Cistifellea, i cibi no

Tutti quelli grassi, a partire dal burro, dai latticini e derivati (permesso lo yogurt), il brodo, i dolci con la panna, i salumi (permessa la bresaola), poco sale, i crostacei, le uova (provocano le coliche), gli alcolici.


Cistifellea, i cibi sì

Benefico il consumo abituale di alimenti come l’olio extravergine di oliva, la frutta e la verdura (almeno due volte al giorno), le carni bianche (compresa la carne di maiale), il riso, lo yogurt. È importante bere tanto, soprattutto quando si suda: va bene l’acqua di tipo oligominerale.

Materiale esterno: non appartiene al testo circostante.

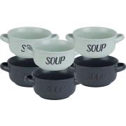 Een set met 6x soepbekers/soepkommen, in een mix van 2 kleuren(groen en donkergrijs). Van elke kleur 3x stuks. Op elke soepkom staat de tekst Soup. Met oren, zodat u de hete kom goed kunt…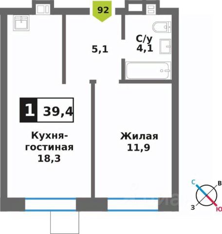 •С/У (7м) раздельный просторный с/у с полноценной ванной, стиральной машиной (Bosch)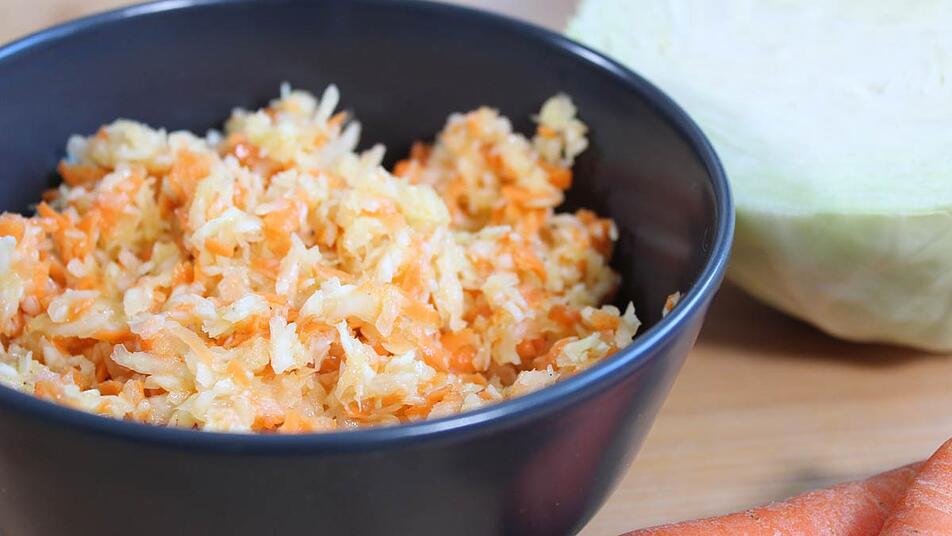 Salat vorbereiten: Während das Fleisch ruht, das Weißkraut und die Karotten fein hobeln und in eine große Schüssel geben. In einer kleineren Schüssel das Dressing aus Essig, Öl, Honig, Senf, Salz und Pfeffer anrühren. Das Dressing über das gehobelte Gemüse gießen und gut vermengen, damit der Salat durchziehen kann.

Laparascopia: a casa in 2 giorni

I calcoli sono di diverse misure: possono raggiungere anche i 4-5 cm e, sotto 1 cm, sono considerati piccoli. «Ma non è solo la loro grandezza che ci fa optare per asportare la cistifellea (i calcoli più piccoli sono più pericolosi), piuttosto il loro posizionamento», spiega Carlucci.

«Ostruendo l’organo il rischio maggiore è l’infiammazione acuta: i sintomi aumentano e si localizzano sul fianco destro, i dolori sono indicibili, subentra la febbre, salgono i globuli bianchi. In questi casi l’atteggiamento più corretto è operare il prima possibile, meglio entro le 48 ore dall’esordio dei sintomi perché gli studi ci dicono che in questo tempo si possono evitare la maggior parte delle complicazioni. Oltre i 7 giorni invece i rischi aumentano, e può diventare impossibile eseguire la laparoscopia, dovendo optare per la laparotomia, cioè il taglio dell’addome».

Allora la degenza passa da 1-2 a 7 giorni e la ripresa è più lunga e complessa.